People buy to solve a problem, says Richard Blackwell, Ohio State University marketing professor and author of the book Customers Rule!
He contends that a purchase always follows this process: problem recognition, search, alternative evaluation, choice of way to purchase, satisfaction/dissatisfaction.
“If a new product or technology does not solve a customer problem, it will ultimately fail,” he says.
Avoiding customer disappointment
In a report on “neighbourhood retailing” where retailers reproduce the personal service of a small local store, Teradata, a division of NCR Corporation in Dayton, Ohio, asserts that as retailers face their slowest Christmas holiday in a decade “the key to retailing success this year will be retaining the store’s customer base. Forecasting tools will be more important than ever in assuring that retailers stock the right assortment of goods in the right quantities for their customers.”

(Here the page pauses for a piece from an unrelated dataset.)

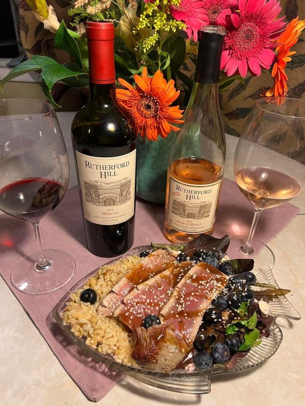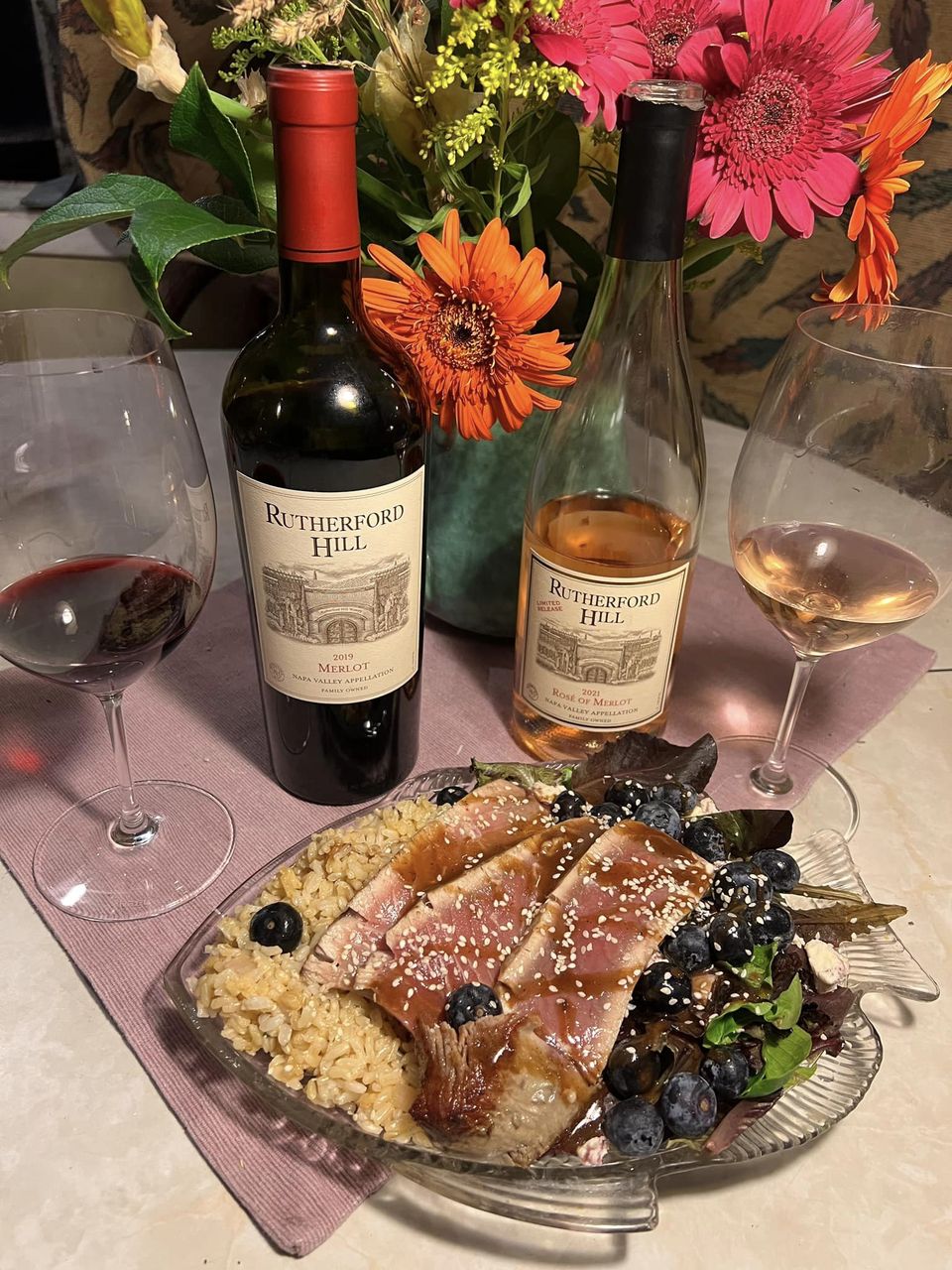 After a week of cool drizzly weather, a very warm fall day caught me by surprise. Fortunately we had some fresh ahi tuna in the fridge to sear and present on leftover lobster risotto and a salad with blueberries and cranberry stilton to pair with two wines from Rutherford Hill: a 2021 Rose of Merlot and a 2019 Merlot, named top Napa Merlot under $40.

The company claims that by managing demand chain data – the record of your customers’ preferences – retailers can correlate purchases and best customers to better cater to their needs and preferences. Teradata also suggests sophisticated forecasting technology can catch fads earlier in the cycle, rationalizing the re-order process and allocating limited products to best customers.
According to Craig Petz, solutions consulting director of supply chain software developer SageTree Inc. in Irvine, Calif., supply chain management (SCM) should be based on analyzing current information, not just historical data so it is predictive rather than reactive. At the NCR Partners 2001 conference, he noted that this can be achieved by installing the maximum number of flow control points in an integrated SCM system to enable the live analysis and alerts that today’s massively parallel processing computing environments can handle.